SELinux can already control this via exec_no_trans.
Changing it to fail the exec when a transition would occur will make
seccomp considerably less useful to selinux users -- the presence of
MAC policy on a program (regardless of what that policy is) will make
it unusable inside a sandbox.
<rant>This is exactly why I think that changing security context on
execve() is an awful idea. If administrators and distros want to
define fancy contexts, fine. But programs should *ask* to enter the
contexts. (This would be easy enough with some glibc / libselinux
magic.) And the use of MAC should not prevent the use of IMO
considerably more secure user-controlled sandbox technologies.
execve_nosecurity was my first attempt to fix it without hitting this
issue.</rant>
>
> 2. ptrace
>
> You neeed to also stop ptrace otherwise the locked down process can use
> ptrace to proxy its activity via another task with the same uid. That's
> easy enough to add fortunately.
>
> 3. file access
>
> You have the same attacks via patching files of running apps etc. In the
> intended circumstances I'm not sure this matters or is cleanly fixable.

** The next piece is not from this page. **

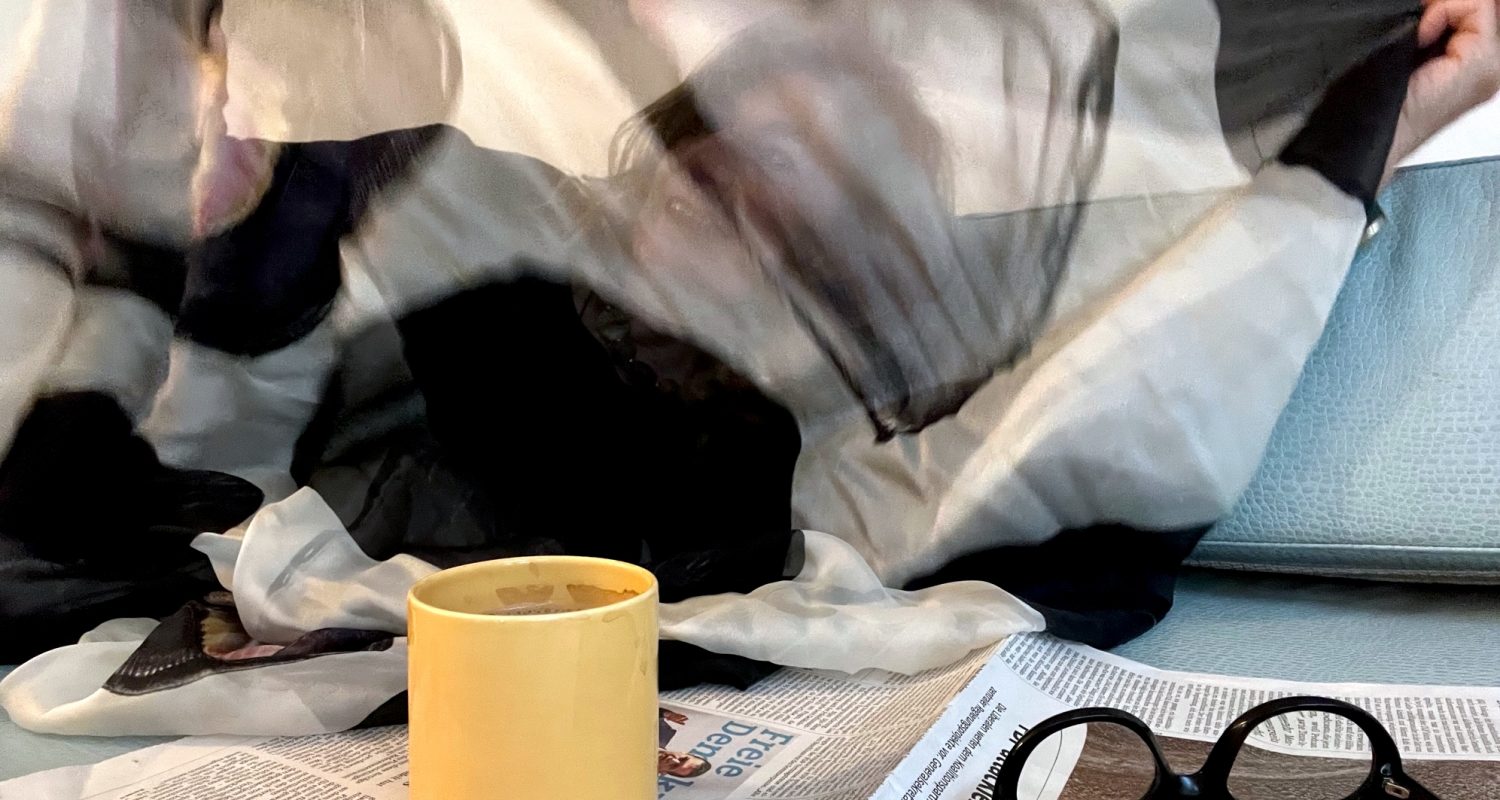 Heute erzähle ich die Geschichte des Chiffon Muschelschals mal ganz anders. Kein Wind flattert mir durch die Haare und zerrt an dem dünnen Seidentuch, kein Blick gleitet über das Meer, keine Möwen, die kreischend zwischen Himmel und Wellen gleiten. Stattdessen städtisches Feucht-Grau. Gegenüber hämmern die Handwerker an der Fassade, hinter die bald Freundin Livia mit …

> It's the point at which you need a real system wide policy and SELinux
> etc anyway.
I disagree, but maybe this is a sign that no_new_privs is a bad name.
no_new_privs is not intended to be a sandbox at all -- it's a way to
make it safe for a task to manipulate itself in a way that would allow
it to subvert its own children (or itself after execve). So ptrace
isn't a problem at all -- PR_SET_NO_NEW_PRIVS + chroot + ptrace is
exactly as unsafe as ptrace without PR_SET_NO_NEW_PRIVS. Neither one
allows privilege escalation beyond what you started with.
If you want a sandbox, call PR_SET_NO_NEW_PRIVS, then enable seccomp
(or whatever) to disable ptrace, evil file access, connections on unix
sockets that authenticate via uid, etc. (IMO MAC has no place here --
maybe we need a new buzzword like "Voluntary Access Control".)